It is necessary to consider that the simple relation of number of sick children to healthy will not give the correct idea of a mode of inheritance because the analyzed material did not include families carriers in which normal children were born. Often the fact that registration goes from the patient is the reason of it. Therefore, it is necessary to enter allowance for into calculations of a ratio of sick and healthy children a share of uninspected families. At incomplete poodinochny registration of material W. Weinberg's amendment is used. The essence of the amendment is that exclude from each family on one sick child and define a share of the remained sick children to all remained children in a family.

The statistical analysis allows to establish a ratio between the obtained data and theoretically expected proportions of splitting of a mutant gene, and also how empirically found ratio corresponds to Mendelian laws of splitting, to reveal a proportion of genotypes and other genetic patterns.

In a wedge, the practician G. of m promotes clarification of the main patterns of hereditary transfer patol, signs and diseases, to establishment of types of their inheritance.

Fig. 2. Scheme of an autosomal and dominant mode of inheritance. Transfer of a disease is traced from generation to generation (inheritance down); the Roman figures designated generations, Arab — individuals of each generation.

At an autosomal and dominant mode of inheritance (fig. 2) transfer of a hereditary disease or a sign is traced from generation to generation (inheritance down). One of parents of a proband is usually sick (more rare both) or the erased symptoms of a disease are found in it; both floors with an identical frequency are surprised. Probability of appearance of the sick child in a family at full penetrance of a mutant gene (see. Penetrance of a gene ) makes 50%. In the presence of a mutant gene at both parents at children with probability of 25% the mutant gene appears in a homozygous state. It leads to especially expressed manifestation of a sign. E.g., at polydactylism at both parents children with very heavy defects of bone system can be born.
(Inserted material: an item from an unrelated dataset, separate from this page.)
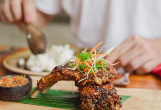 Cu vedere la zona rurală, Mr. Wayan Balinese Cuisine servește o selecție de mancăruri autentice balineze și internaționale.

It is necessary to consider that action of a gene in many respects depends on the modifying influence of other genes and environmental factors. As penetrance of a gene can vary over a wide range, in a certain dependence the frequency of detection patol, signs in posterity changes. At verification of genetic data on inheritance of a dominant gene in the analysis of a family tree it is necessary to make allowance for the frequency of a sign in population.

On autosomal dominantly type such diseases as are inherited Alporta syndrome (see), spider finger (see), marble disease (see), bone formation imperfect (see), Pelgera anomaly (see), Pernicious anemia (see), tuberous sclerosis (see), favism (see), Sharko — Mari amyotrophy (see. Atrophy muscular ), etc.
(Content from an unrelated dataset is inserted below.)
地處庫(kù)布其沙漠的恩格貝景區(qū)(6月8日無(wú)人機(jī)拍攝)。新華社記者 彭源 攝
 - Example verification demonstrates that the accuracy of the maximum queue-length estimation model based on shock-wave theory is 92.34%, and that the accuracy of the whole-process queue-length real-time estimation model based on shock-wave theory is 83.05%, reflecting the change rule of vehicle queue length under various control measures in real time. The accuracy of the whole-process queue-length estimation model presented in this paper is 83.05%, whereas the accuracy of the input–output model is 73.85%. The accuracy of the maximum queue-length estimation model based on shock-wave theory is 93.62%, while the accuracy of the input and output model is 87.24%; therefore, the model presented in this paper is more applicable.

Fig. 3. Scheme of an autosomal and recessive mode of inheritance. The scheme shows how phenotypical (externally) healthy parents at whom pathological signs are in the recessive (hidden) state can have sick children.
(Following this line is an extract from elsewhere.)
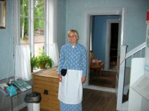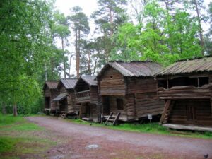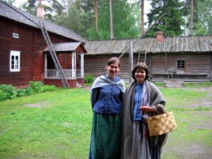 We found out that tomorrow, 12 June, was a huge Helsinki city celebration, full of parades, free concerts, dances and hoopla. However, today there were a few events preceding the big events tomorrow so we noted the times and places and decided to knock out the major sightseeing early on in the day and possibly catch a street celebration later during the day before our return trip to Tallinn. First stop was Senate square which is dominated by an imposing Cathedral at the top of a steep, wide staircase. Services were ongoing but we ducked in briefly to check out the cathedral’s rather plain interior. There were numerous tour groups that were seeking refuge from the rain inside the cathedral so we decided to make a break from the crowds and head over towards the old Russian orthodox Uspenski Cathedral. Lilacs were out in full bloom and old regatta vessels filled the harbor in anticipation of tomorrow’s festivities. We spent some time admiring the frescoes and icons in the interior of the church before opting to leave the city for its outskirts where the Finnish Seurasaari open air museum is located. Public transportation in Helsinki is excellent and numerous residents came up to offer assist once they saw us whip out a map to orient ourselves around the city. We really love the Finns…they are such friendly people! Plus the fact they are super good looking and speak impeccable English definitely makes a good first impression.

At an autosomal and recessive mode of inheritance (fig. Z) action of a mutant gene is found only in a homozygous state (in a heterozygous state the normal allele dominates), both floors to the same extent are surprised, 25% of children in a family are sick, 50% of children phenotypical are healthy, but are heterozygous carriers of a mutant gene (as well as their parents), 25% have no mutant gene. The disease is quite often noted at brothers and sisters while their parents and close relatives remain clinically healthy — distribution of a hereditary disease across. The probability of the birth of the sick child at two heterozygous parents makes 25%; at limited number of children in a family, napr, two, the probability of the birth of two sick children makes 6,25% (i.e. 0,25 X 0,25 X 100%). The probability of the birth of sick children considerably increases in a case of a consanguineous relation of parents as at the same time the possibility of a combination in one zygote of two mutant genes raises. This probability (at the penetrance equal of 100%) is defined by a formula q 2 + Fqp, where q — the frequency of a recessive allele in population, r — the frequency of a normal allele, F — the coefficient equal 1/4 (the brother and the sister, the father and the daughter), 1/8 (the uncle and the niece), 1/16 (the cousin brother and the sister), 1/64 (the three times removed brother and the sister). E.g., if parents — cousin sibsa, the risk of the birth of the sick child with a fenilketonuriya makes 1:1600 whereas it is equal in marriage of the persons who are not relatives to 1:10 000. In marriage of homozygous and heterozygous carriers (aa X aa) the number of sick children in a family increases to 50%, and a half of children will be heterozygous carriers of a mutant gene that reminds an autosomal and dominant mode of inheritance (pseudo-dominance). Marriage of homozygous carriers of a mutant gene (aa x dd) leads to the birth of children, being also homozygous carriers of this gene and having a wedge, symptoms of a disease. In some cases children can be healthy phenotypical that can indicate controllability of the studied sign or a disease by different genes (genokopirovaniye).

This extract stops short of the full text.